This may be obvious, but how can a single transaction write data and then read that data back to the client? If the transaction is immediately committed, it can’t be rolled back later if something else errors. Am I missing something obvious here?
I thought that I read somewhere that you could read-write-read-commit in a single transaction (can’t find it now though, so obviously I may be wrong in this thought. Thanks for the clarification. Haven’t needed to handle transactions by hand yet, but good to know what is under the hood.
Well, Dgraph can do mutations and queries(like upsert) in the transaction context. But I don’t think that you can self query it “on the fly” you know? You can query only existing data in the cluster(that’s what an Upsert Block does. It uses the transaction context in one batch). You can’t open an transaction, then mutate and then query for it in without committing. This could be possible, but I don’t see why. You can control this way before deciding to send to the DB. Unless your need is to hold the transaction for days/weeks open. Which also doesn’t make sense in a DB transaction logic. Right?
I think these things like roll back, handling the transaction on the fly and so on could be a thing in the future. But this sounds more like perfumery than actual necessity. Please, correct me if I’m wrong.
Honestly, I think this is pretty fundamental behavior that I hope Dgraph solves for in the near future.
There are cases where you’d want to roll back the transaction after inserting data. For example, you would often want to roll back transactions in tests so that each test is isolated and doesn’t bleed into other test contexts. Write → read and assert schema → rollback.
But here is a common API scenario:
Mutate: create user with organization, 2 nodes.
Query: user and its associated org
Random application layer bug. The mutation has already committed, but the application layer will send an error code to the client.
In the linked thread the answer provided does state:
The way Dgraph works needs an extra transaction. Cuz the data needs to be distributed(some cases replicated) across the cluster. Without that confirmation, you can’t query the data.
This is actually rather interesting and I’d learn to understand this better myself @MichelDiz . Your answer seems to imply that Dgraph only replicates on commit. So the transaction is performed against the replica you are accessing and then once commit it initiated ensures all replicas catch up?
Does this leave room for inconsistent transactions or breaking consensus? or is it because all writes are forwarded to a leader, applied and then replicated?

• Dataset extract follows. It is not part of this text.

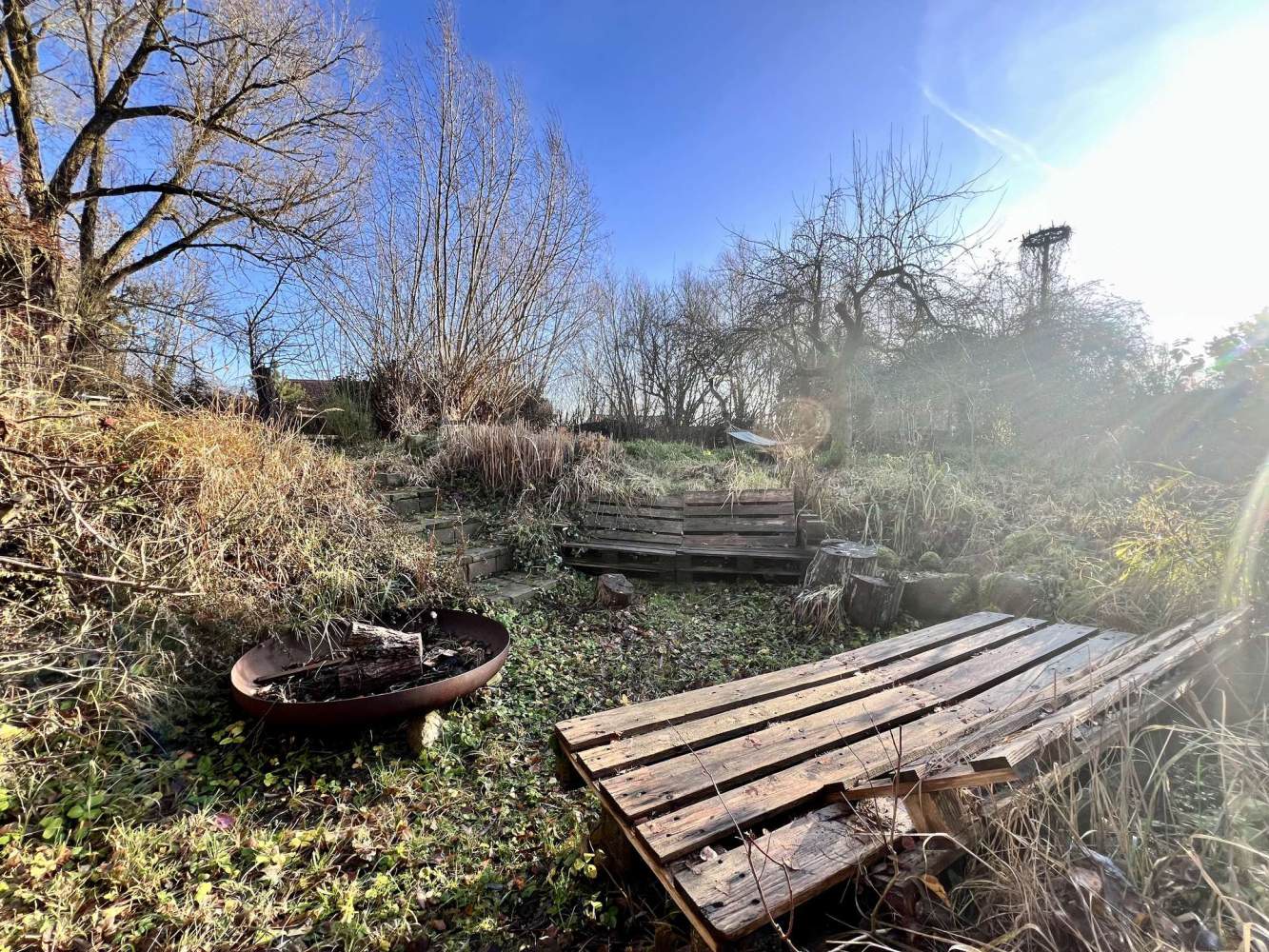 Der etwas kleinere Teil des Grundstücks mit ca. 1.200 m² ergänzt das Ensemble ideal. Hier befindet sich ein von wildem Wein überwucherter Stamm mit einem Storchennest, drei kleine Eichen, zwei Nussbäume sowie zentral ein malerischer Quittenbaum und ein junger Pfirsichbaum. Aktuell sind drei Hochbeete angelegt.

I agree with @samfinan performing this in two transactions presents implications. For example in a case where we’re using transactions as a testing paradigm. We can’t safely rollback to reset the test state. This is a common testing pattern. I mean my work-around or solution is to label the nodes/parts of the schema and purge them after the test runs.In other cases the lack of being able to read imposes design implications not to mentioned on odd occasion performance.
Cockroach and even Mongo are capable of this. It’s not to poo poo on Dgraph it’s just curious because Cockroack especially uses a raft model. So as users we kind of expect/hope this isn’t a stretch for Dgraph. If it is, understanding the limitation is critical for us to understand for future planning.
Not exactly. I’m not 100% aware of it guts. But the data will be available only after the commit. You can’t run queries against uncommitted mutations. Neither on the “cluster RAM”. Also, the process of writing is a “distribution”, replication is available only if you set a replication configuration. And this happens right away, the commiting is just a ending/confirmation.
No, in the paper
Dgraph is a distributed database with a native graph backend. It is the only
native graph database to be horizontally scalable and support full
ACID-compliant cluster-wide distributed transactions. In fact, Dgraph is the
first graph database to have been Jepsen tested for transactional
For case of curiosity, can you share a doc about this? I wanna understand how other DB does it and why.
If I understand @samfinan correctly, this actually does work – at least, I’ve done this, mostly successfully – mutate and then query in the same transaction. The documentation here suggests this is supported: https://dgraph.io/docs/clients/overview/
A transaction always sees the database state at the moment it began, plus any changes it makes — changes from concurrent transactions aren’t visible.
 I think there’s a bug that causes the wrong data to be returned sometimes – the query will sometimes return an array containing the old and new value, rather than just the new value, but there’s a workaround. I’m not sure though, so I haven’t filed it as an actual bug report.